The problem was that there were two .htaccess files. One in the top level, that contains most of the configuration and one in sites/default/files, which is security related (avoid execution of php files and similar) and contains just this:

SetHandler Drupal_Security_Do_Not_Remove_See_SA_2006_006
Options None
Options +FollowSymLinks

Now the difference seems to be that in Apache, both files seem to be combined (the one in sites/default/files inherits everything from the top-level one). This does not happen with the ISAPI_Rewrite module that seems to handle the Apache/IIS .htaccess compatibily.

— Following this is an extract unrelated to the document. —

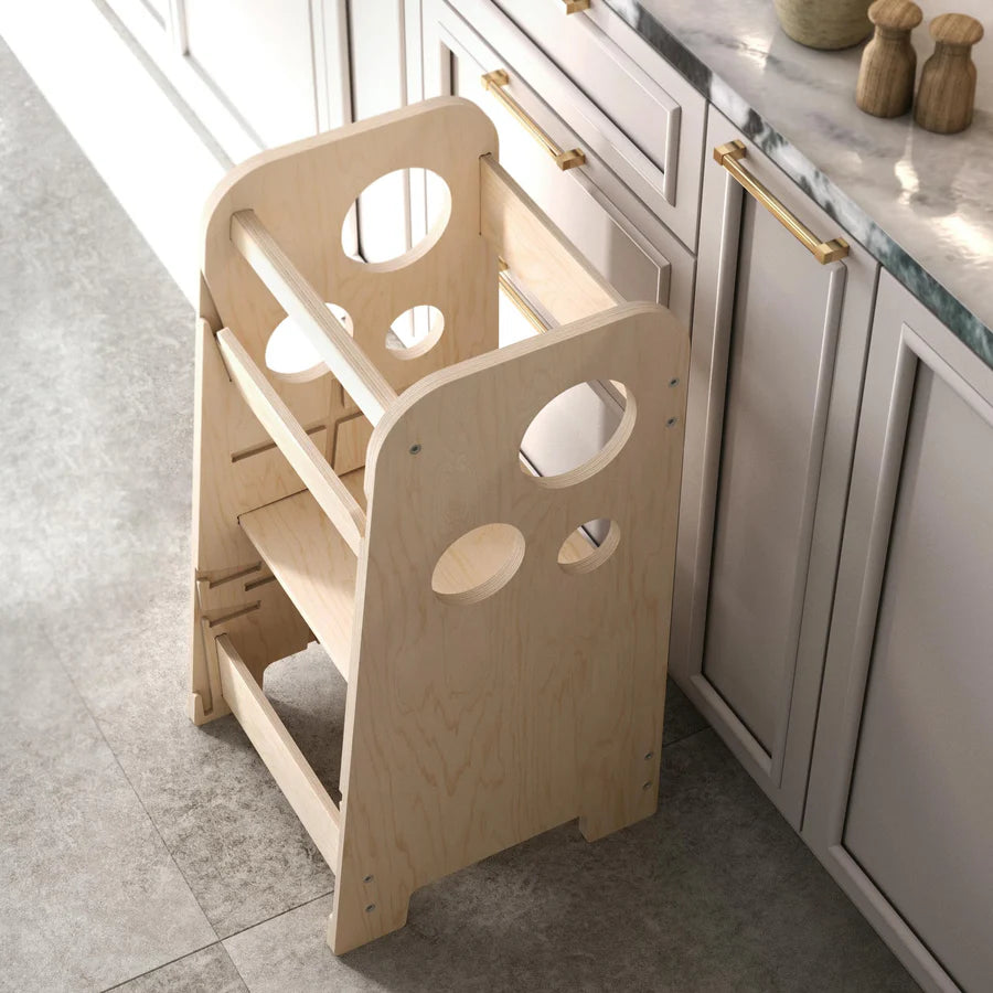 Der wachsende Lernturm ist aus 12 mm starkem Birkensperrholz hergestellt, das glatt bearbeitet ist und keine scharfen Kanten hat. Ein größeres Kind vermag den Turm selbst zu bewegen, doch keine Angst, die Konstruktion ist stabil und trägt 90 kg. Die Oberfläche ist mit farblosem wasserlöslichem Lack behandelt und kratzfest. Das natürliche Aussehen eignet sich für jede Art Inneneinrichtung.

I fixed this by copying the content of the top-level directly into the file in sites/default/files, below the existing content. Additionally, I had to change the RewriteBase so that it included the index.php file in the correct directory.

The header of the changed .htaccess file now looks like this:

# From the original .htaccess file, do not remove.

SetHandler Drupal_Security_Do_Not_Remove_See_SA_2006_006
Options None
Options +FollowSymLinks

#
# Apache/PHP/Drupal settings:
# (copied from /.htaccess)
#

Content of the top level .htaccess file here comes here...

And the part that I changed now looks like this:

# Modify the RewriteBase if you are using Drupal in a subdirectory or in a
# VirtualDocumentRoot and the rewrite rules are not working properly.
# For example if your site is at http://example.com/drupal uncomment and
# modify the following line:
RewriteBase /YOURFOLDERHERE

So when Drupal is installed in a sub directory, insert your folder name. If not, you can leave this part commented out.

I found this thanks to the (unecessarly long) blog post at http://www.caspianit.co.uk/imagecache-wrong-path/

Note: Simply deleting the .htaccess file in sites/default/files did work too, however, that removes the security relevant SetHandler setting. I however doubt this has any effect in IIS anyway...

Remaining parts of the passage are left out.